“We didn’t know how much of our SQL performance was being dampened by the nasty ‘I/O blender’ effect…..”

As it turned out, it was HALF.

That’s right. Their systems were processing HALF as many MB/sec than they should due to the noise of all their VM workloads meeting and mixing at the point of the hypervisor. The first thing the “I/O blender” effect does is tax throughput, so your application performance becomes far more dependent on storage IOPS than it needs to be.

Read the full story how I.B.I.S., Inc. doubled performance of their CRM and ERP by eliminating the I/O
blender effect ->

So what is the “I/O blender” effect and how is it taxing application performance?

The “I/O blender” effect is a phenomena specific to a virtual server environment where the I/O streams from disparate VMs are “funneled” together at the point of the hypervisor before sending out to storage a very random I/O stream that penalizes overall application performance.

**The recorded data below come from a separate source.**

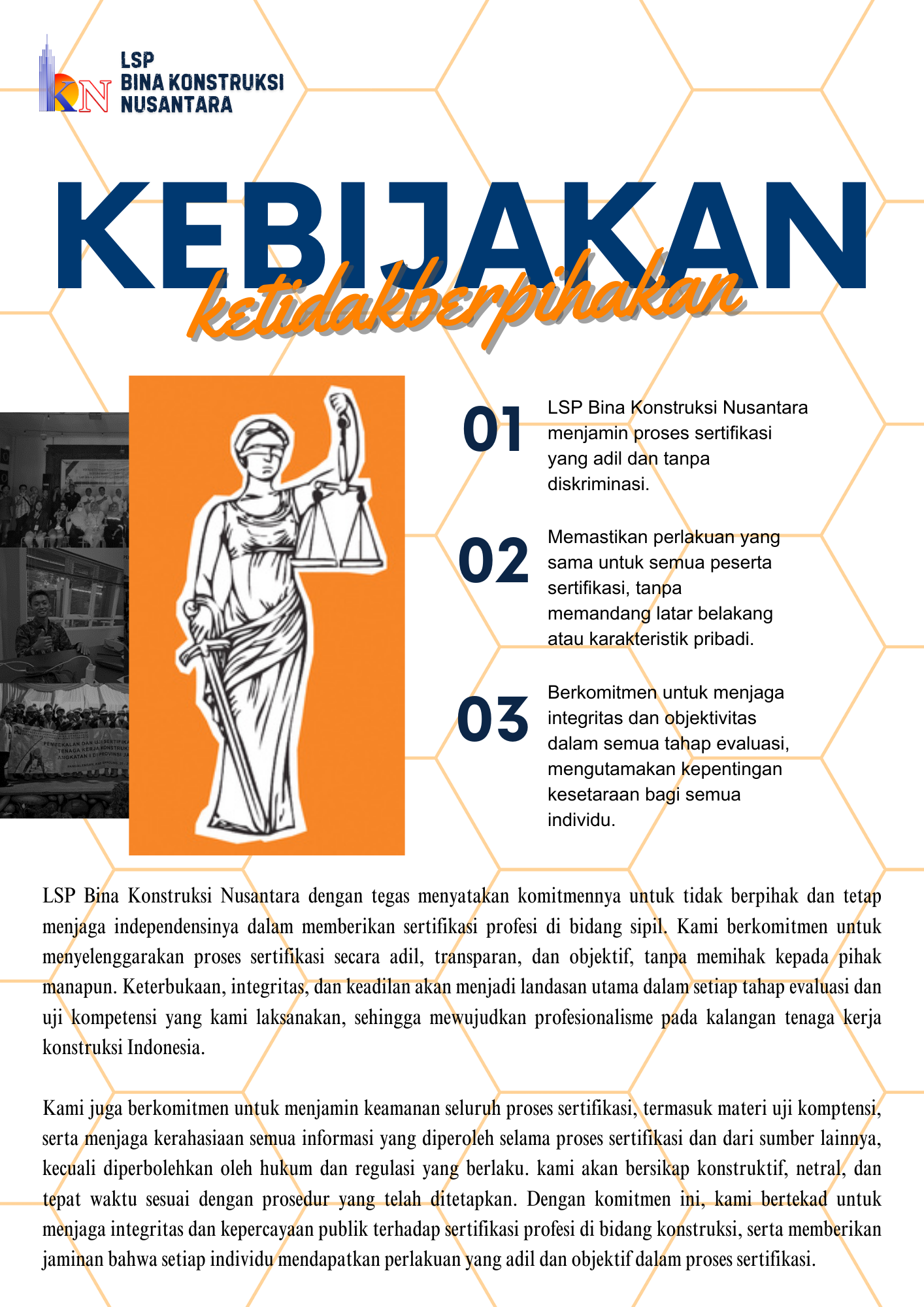 Lembaga kami berkomitmen penuh untuk menjaga ketidakberpihakan, independensi, dan objektivitas dalam seluruh proses sertifikasi kompetensi. Setiap kegiatan sertifikasi dilaksanakan secara profesional tanpa adanya tekanan komersial, finansial, maupun kepentingan pribadi yang dapat memengaruhi hasil keputusan sertifikasi.
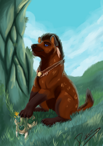A commission by of her hyena fursona, Kiah.The elephant graveyard isn't so obvious, but seemed to work well with the image.
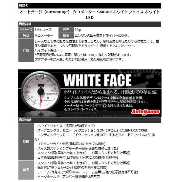オートゲージ タコメーター SM60Φ ホワイトフェイス ホワイトLED
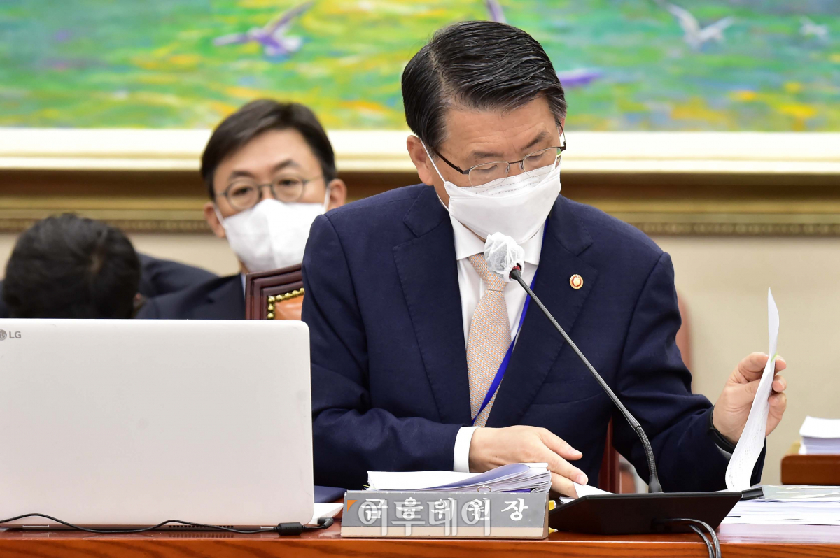 은성수 금융위원장이 12일 서울 여의도 국회 본관 정무위원회 회의실에서 열린 금융위원회 등 2020 국정감사에 출석, 자료를 살피고 있다.
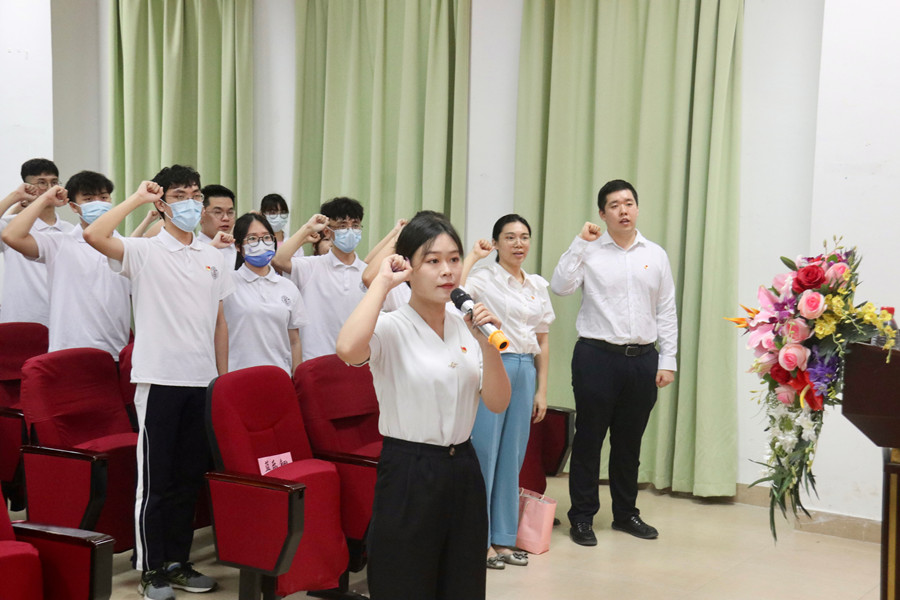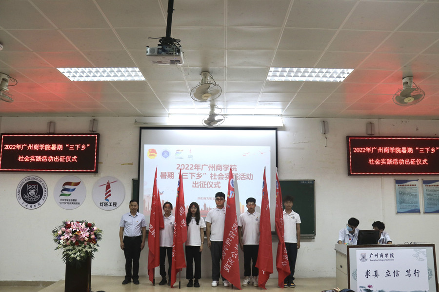 出征仪式上,何柏略为15支校级重点团队逐一授旗并合影留念,鼓励参与实践的广大同学用脚步丈量祖国大地,在实干中历练才能。校团委蓝乐钿副书记结合活动要求、团队立项、专业特色介绍本次社会实践的总体筹备情况。2021年暑期三下乡省级优秀个人称号获得者,经济学院朱虹雨同学代表志愿者发言,用自身经历激励同学们通过社会实践大舞台实现个人价值。2021 年全国大中专学生志愿者暑期“三下乡”社会实践活动优秀个人的获得者,管理学院团委书记李俞妍带领全体志愿者进行志愿者宣誓。
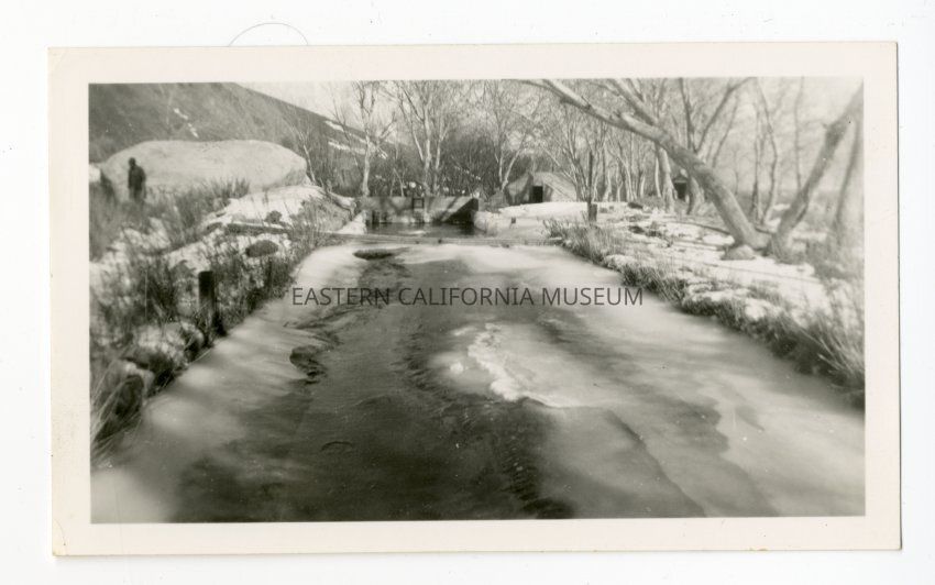 Photo of a river/creek/stream frozen and covered in ice. Surrounded by trees, possibly the intake at Lone Pine Creek. Structure in distance. Found in an envelope labeled, "Lone Pine water system, intake from Lone Pine Creek" in blue ink and "a very cold and snowy winter" written in pencil.
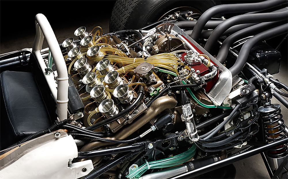 Motor Ford-Cosworth DFV — uno de los V8 de los años 60-70, muy emblemático. Una buena para la era de motores atmosféricos clásicos. -
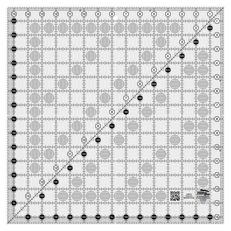 This 15-1/2 inch square features easy-to-read black and white markings printed in 1 inch grids marked in 1/8 and 1/4 inch increments. Use the easy-to-read, black numbers (printed on white dots) and the 1/4 inch grip sides to cut whole inches. The 1/4 inch dashed lines printed on two adjoining sides aid in trimming seam allowances. Use the patented Turn-A-Round feature – designated by the easy to read, numerical white numbers (printed on black dots) and the 1/2 inch grip sides – to add the 1/2 inch seam allowance. A 45 degree angle is printed in black and is used to trim half-square triangles to size. White horizontal and vertical lines are printed on the square so the center of the ruler is easily distinguishable. Use these lines to square up blocks based on four-patches or embroidered and appliqued blocks.
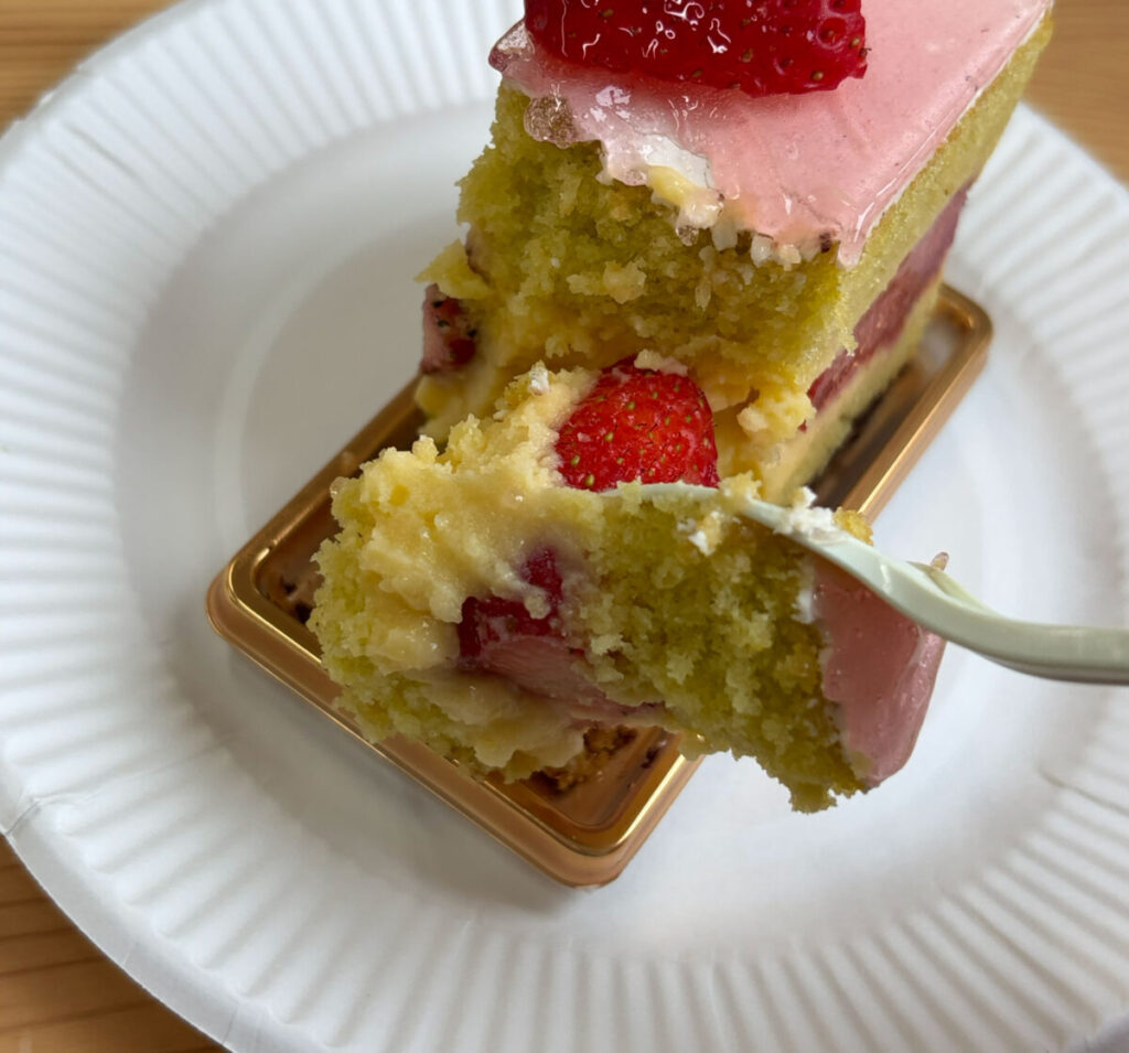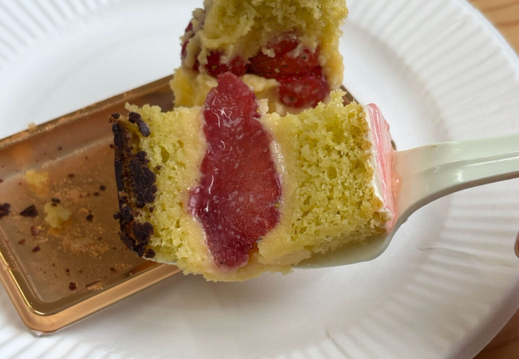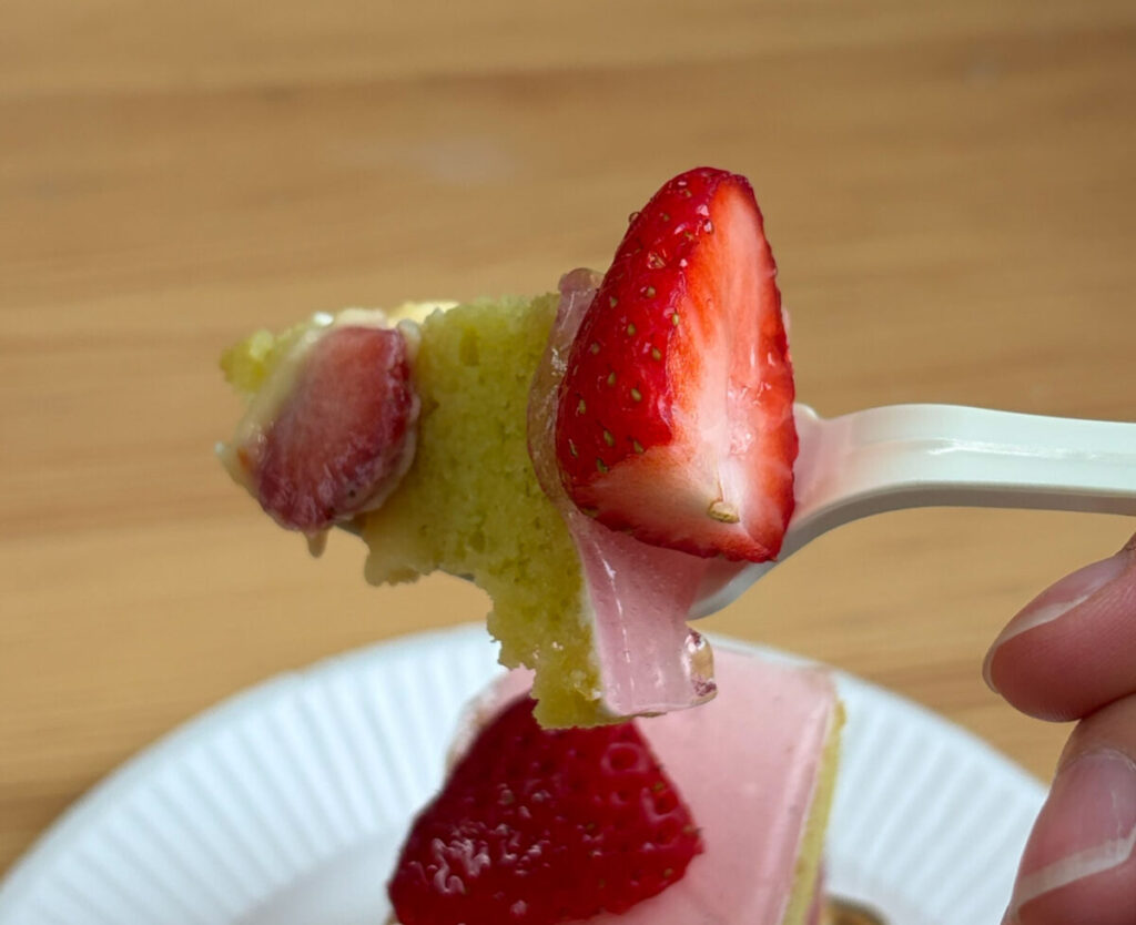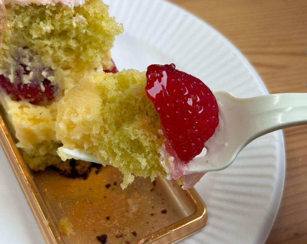 んん~♪しっとりとしたスポンジはシロップの甘さを感じますね~!苺のやわらかい酸味によってパクパク食べれちゃいます!
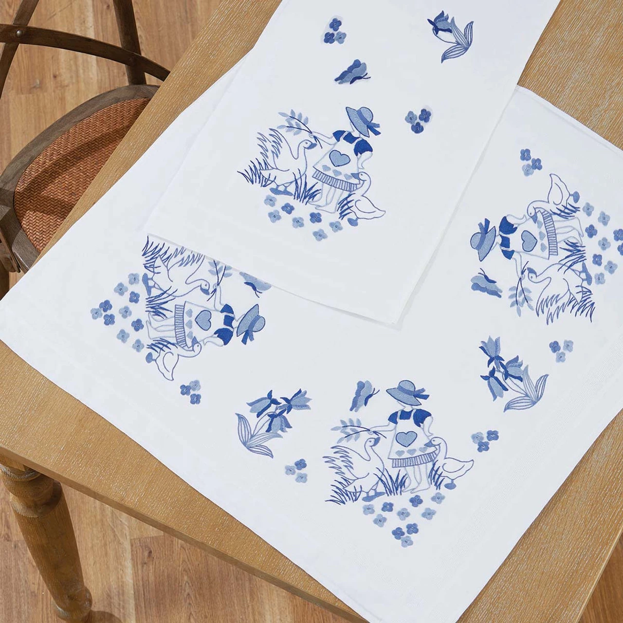 • These pre-finished table topper and table runner are ready for stitching with a girl in a dress and straw hat with a pair of geese and a butterfly in a flower garden.
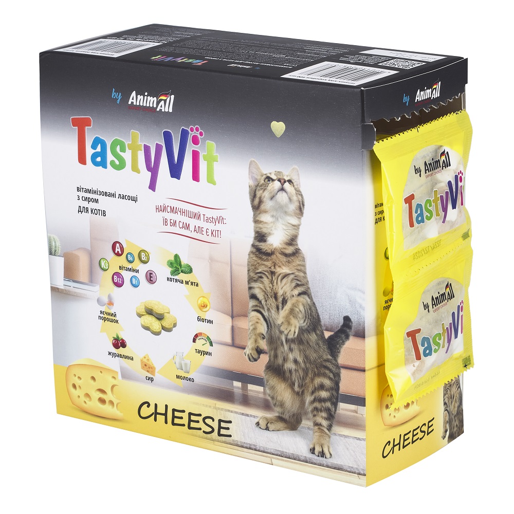 AnimAll TastyVit вітамінізовані ласощідля котів з сиромДля досягнення балансу вітамінів коти споживають рослини, які не лише надають їм енергії, але й підсилюють природні інстинкти. Для домашніх тварин цей ефект можна досягти за допомогою спеціальних вітамінізованих ласощів, які впливають на стан та активність Вашого котика.Вітамінізовані ласощі для котів з сиром – ідеальний спосіб підтримати здоров’я та радість Вашого пухнастого улюбленця.Переваги:• Підходять як для дорослих котів, так і для кошенят.• Являють собою цінну комбінацію вітамінів, завдяки чому ласощі позитивно позначаються на стані шкіри, шерсті та роботі травної системи кота.• Містять необхідні речовини, які організм улюбленця не завжди отримує з основною їжею (такі як таурин) і тим самим може наражати себе на ризик виникнення небезпечних захворювань.• Включають в себе баластові речовини ТГОС, що стимулюють апетит і покращують роботу кишківника.• Також у складі є котяча м’ята, яка виступає для багатьох котів природним атрактантом, а також позитивно впливає на їхній настрій та самопочуття.• І журавлина, яка профілактує захворювання сечовидільної системи.• Неповторний смак сиру для справжніх гурманів.• Зручне та компактне фасування та дозування, 50 пакетів по 12 шт.: можна взяти з собою на прогулянку, у подорож, до ветеринарного лікаря, грумера або у гості.Склад: молоко і похідні молочних продуктів (включаючи 4 % сиру), продукти тваринного походження, продукти рослинного походження, дріжджі, таурин, яєчний порошок, екстракт котячої м’яти, екстракт журавлини, біотин, олії, жири, дериват лактози з ТГОС, ізомальтоолігосахарид, вітамінно-мінеральний комплекс, допоміжні речовини.Аналітичний склад: протеїн 22,0 %, жир 25,0 %, зола 5,0 %, клітковина 1,5 %, вологість 5,0%. Вміст добавок на 1 кг: вітамін А 7140 МО, вітамін D3 1450 МО, вітамін Е 20 мг, вітамін В1 2 мг, вітамін В2 8,5 мг, вітамін В6 10 мг, вітамін В12 20 мг, вітамін К3 1,5 мг, нікотинова кислота 42 мг, біотин 40 мг, таурин 1000 мг.Застосування: кошенятам давати щодня по 2 – 4 таблетки на день, дорослим котам – до 6 таблеток на день. Для вагітних і годуючих кішок рекомендується подвійна доза.Застереження: не застосовувати при індивідуальній чутливості до компонентів засобу.Умови зберігання: зберігати засіб у темному сухому приміщенні, окремо від харчових продуктів при температурі від 5 °С до 25 °С.Термін придатності: 18 місяців.Країна виробник: УкраїнаНайсмачніший TastyVіt: їв би сам, але є кіт!
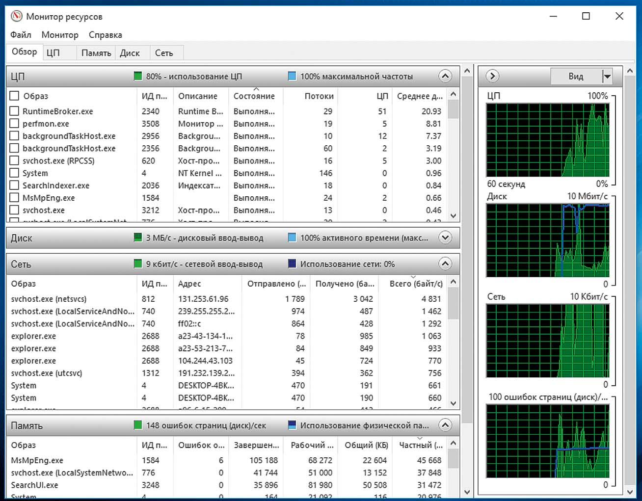 Если Windows реагирует на ваши действия крайне медленно, вполне вероятно, что она вплотную занята какой-то задачей. Зайдите в «Монитор ресурсов», который вы найдете через поиск по слову «resmon». Сверху вы увидите вкладку с подробной информацией о CPU, оперативной памяти, дисках и сети. В разделе «Диск» нажмите на «Работу диска» и заголовок столбца «Всего (байт/сек.)». После этого наверху отобразятся процессы, сильнее всего нагружающие жесткий диск.

Every organization that has virtualized has experienced this pain. They virtualized their applications only to discover mounting I/O pressure on the backend storage infrastructure. This was the unintended consequence of virtualization. Organizations save costs on the compute layer via virtualization only to trade those savings to backend storage where a forklift upgrade is necessary to handle the new random I/O demand.

In the case of I.B.I.S., Inc., their IT Director wanted to look into this problem a little further to see what could be done before reactively buying more storage hardware for improved performance.

“We wanted to try V-locity® I/O reduction software first to see if it could tackle the root cause problem as advertised at the VM level where I/O originates,” said Kevin Schmidt, IT Director.

As much as IT departments lack monitoring tools that show exactly how much performance is dampened by the “I/O blender” effect, V-locity comes with an embedded benchmark to give a before/after picture of I/O reduction and demonstrate how much performance is improved by combatting this problem at the Windows operating system layer.

As it turned out, I.B.I.S., Inc.’s heaviest SQL workloads saw a 120% improvement in data throughput. Before V-locity, it took 82,000 I/Os to process 1GB of data. After V-locity, that number was cut to 29,000 I/Os per GB. Due to the increase in I/O density, instead of taking .78 minutes to process 1GB, it now only takes .36 minutes.

“Since we’re no longer dealing with so many small split I/Os and random I/O streams, V-locity has enabled our CRM and ERP systems to process twice the amount of data in the same amount of time. The best part is that we didn’t have to spend a single dime on expensive new hardware to get that performance,” said Schmidt.